The thing is that I have all my citations written as plain text (i.e. by myself), without any reference management software.
My question is the following:
Is there any kind of authomatic way in Endnote to get plain text citations converted into Endnote’s references that I can then manage in Word?
In other words, I would like to find some authomatic (not manual) way of converting this:
Wacquant, L. (1997) Three Pernicious Premises in the Study of the American Ghetto, International Journal of Urban and Regional Research, 21(2), pp. 341‐353.
Into something like this:
Author: Wacquant, L.
Year: 1997
Title: Three Pernicious Premises in the Study of the American Ghetto
Publication Name: International Journal of Urban and Regional Research
Easily, no. You might read overthis old thread: particularly the cb2Bib tool (which I have never tried).
If you have access to a database, it may be far easier to download them than to try to manipulate a hand written set. Designing Macros is time consuming especially if there aren’t clear rules. How many references are you talking about?

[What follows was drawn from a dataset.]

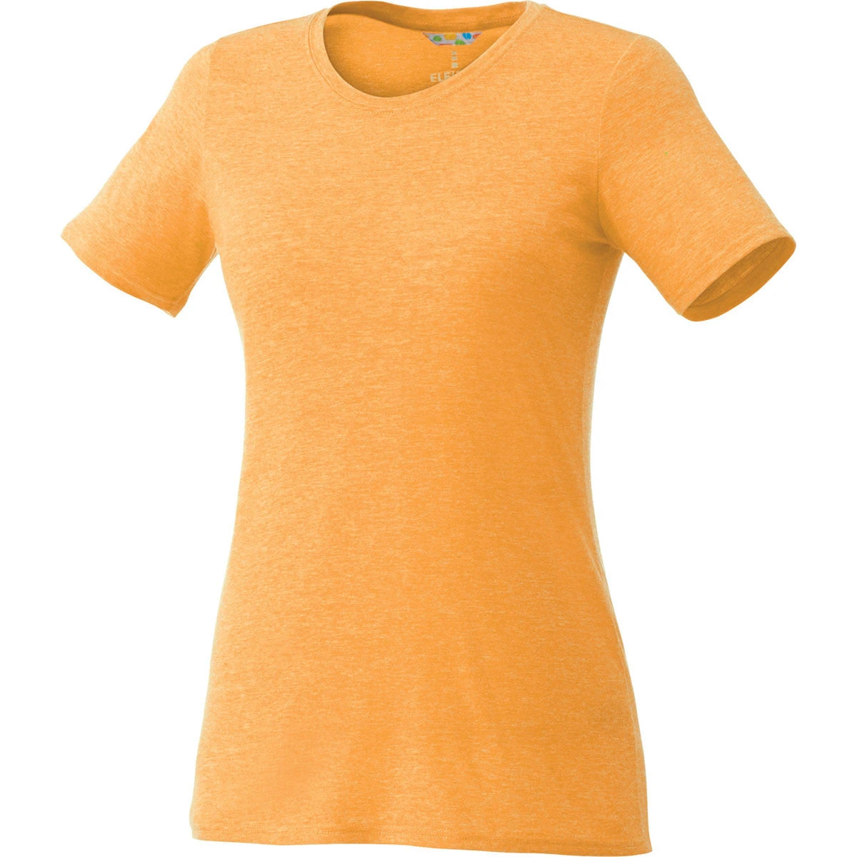 It’s not enough to put your brand out there and hope that people notice it. You have to draw attention. That starts with adding on your logo to a quality piece. And why not a T-shirt like the Elevate Women’s Amber Heather Sarek Short Sleeve T-Shirt you see here? It features durability and strength in the fabric content itself. And it’s not just good at attractiveness from afar-it holds up to close scrutiny. Just add your logo to this piece and consider your latest branding goal a mission accomplished.

Might start with the ones that you can access quickly. Often if a database is available import your favorite topics rather than one by one, then cross them off your list and contemplate how many are left and what is the best way to move forward. Books, for example are available from Library of Congress and from many public university library databases. – really the time to do that is easier than developing a macro and then finding all the mistakes. A couple hours probably!